Collected data
BEGIN

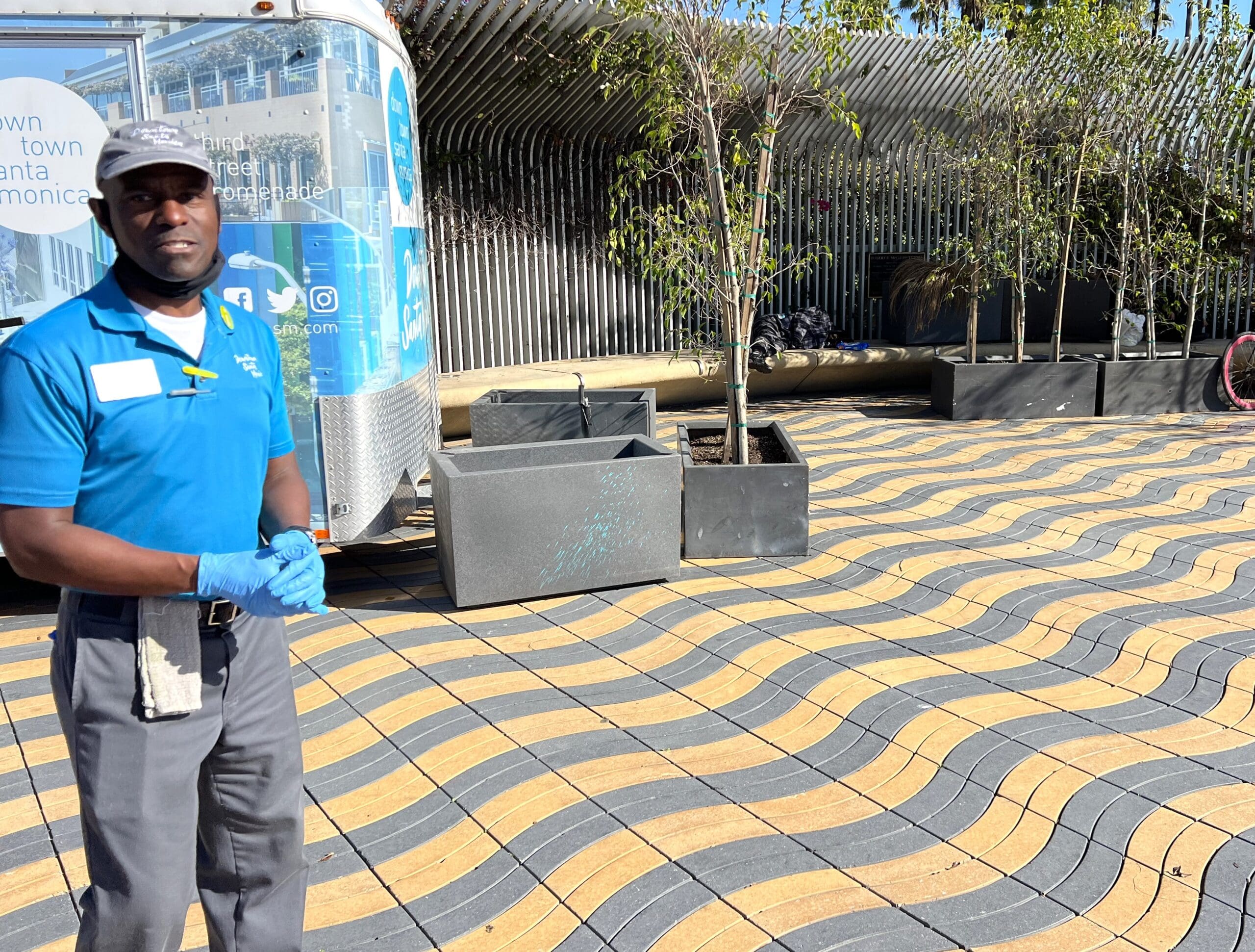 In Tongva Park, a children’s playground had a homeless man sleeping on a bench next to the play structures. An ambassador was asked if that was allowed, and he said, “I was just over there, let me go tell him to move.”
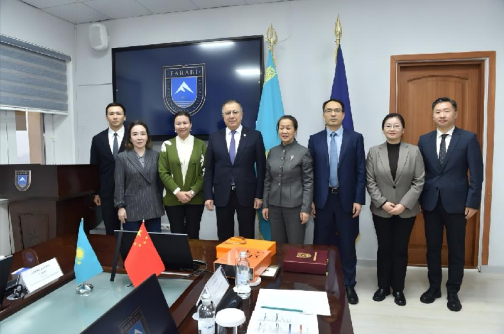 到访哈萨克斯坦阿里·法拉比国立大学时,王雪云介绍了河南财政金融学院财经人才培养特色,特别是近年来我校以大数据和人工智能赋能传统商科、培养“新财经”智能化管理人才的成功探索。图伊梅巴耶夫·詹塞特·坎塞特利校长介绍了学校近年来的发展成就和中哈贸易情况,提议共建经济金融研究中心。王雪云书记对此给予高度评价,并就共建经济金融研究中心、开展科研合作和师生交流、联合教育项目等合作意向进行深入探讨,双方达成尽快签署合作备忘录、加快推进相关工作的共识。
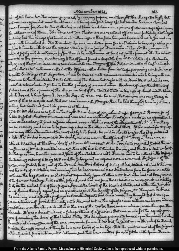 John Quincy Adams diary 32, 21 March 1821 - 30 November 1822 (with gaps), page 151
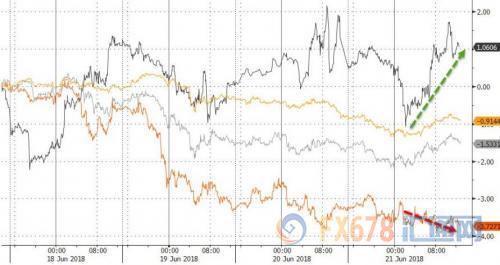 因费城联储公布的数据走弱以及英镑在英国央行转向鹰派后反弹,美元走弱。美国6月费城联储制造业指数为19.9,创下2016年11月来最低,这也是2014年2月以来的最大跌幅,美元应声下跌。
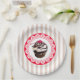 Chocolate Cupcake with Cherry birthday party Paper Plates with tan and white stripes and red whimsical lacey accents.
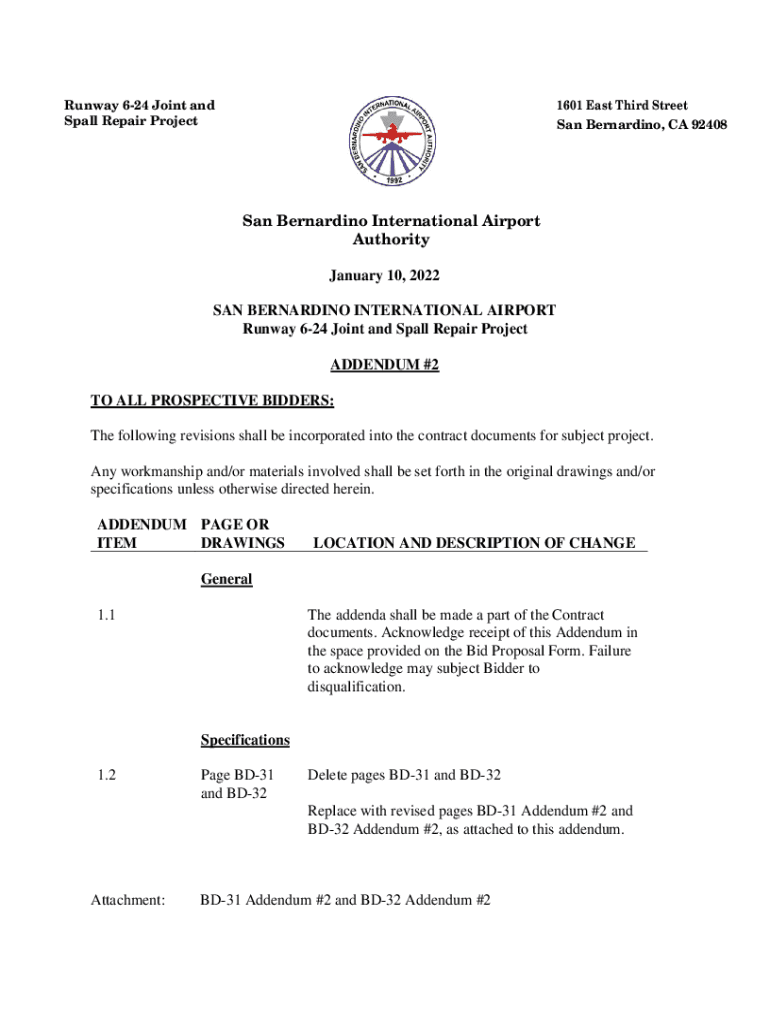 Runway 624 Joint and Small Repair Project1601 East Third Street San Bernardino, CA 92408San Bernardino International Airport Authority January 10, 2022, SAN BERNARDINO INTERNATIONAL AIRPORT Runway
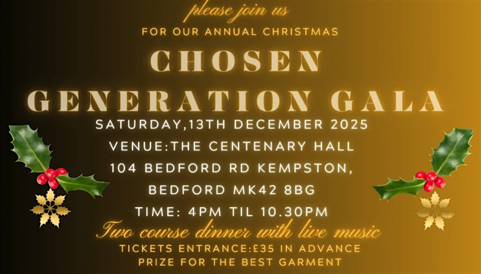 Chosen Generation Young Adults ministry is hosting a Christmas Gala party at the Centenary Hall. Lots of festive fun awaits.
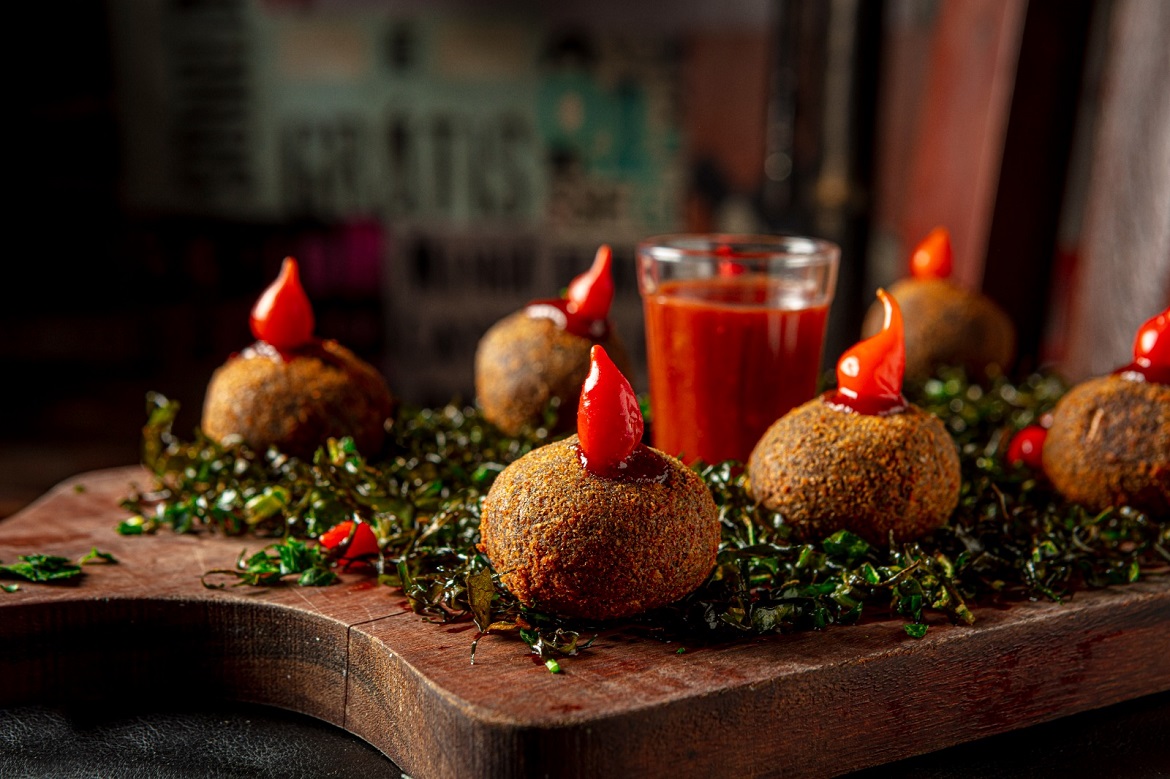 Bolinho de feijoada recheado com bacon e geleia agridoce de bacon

END

▸ Required work: Output each record verbatim, but skip anything that is a picture.

▸ Result:
 In Tongva Park, a children’s playground had a homeless man sleeping on a bench next to the play structures. An ambassador was asked if that was allowed, and he said, “I was just over there, let me go tell him to move.”
 到访哈萨克斯坦阿里·法拉比国立大学时,王雪云介绍了河南财政金融学院财经人才培养特色,特别是近年来我校以大数据和人工智能赋能传统商科、培养“新财经”智能化管理人才的成功探索。图伊梅巴耶夫·詹塞特·坎塞特利校长介绍了学校近年来的发展成就和中哈贸易情况,提议共建经济金融研究中心。王雪云书记对此给予高度评价,并就共建经济金融研究中心、开展科研合作和师生交流、联合教育项目等合作意向进行深入探讨,双方达成尽快签署合作备忘录、加快推进相关工作的共识。
 John Quincy Adams diary 32, 21 March 1821 - 30 November 1822 (with gaps), page 151
 因费城联储公布的数据走弱以及英镑在英国央行转向鹰派后反弹,美元走弱。美国6月费城联储制造业指数为19.9,创下2016年11月来最低,这也是2014年2月以来的最大跌幅,美元应声下跌。
 Chocolate Cupcake with Cherry birthday party Paper Plates with tan and white stripes and red whimsical lacey accents.
 Runway 624 Joint and Small Repair Project1601 East Third Street San Bernardino, CA 92408San Bernardino International Airport Authority January 10, 2022, SAN BERNARDINO INTERNATIONAL AIRPORT Runway
 Chosen Generation Young Adults ministry is hosting a Christmas Gala party at the Centenary Hall. Lots of festive fun awaits.
 Bolinho de feijoada recheado com bacon e geleia agridoce de bacon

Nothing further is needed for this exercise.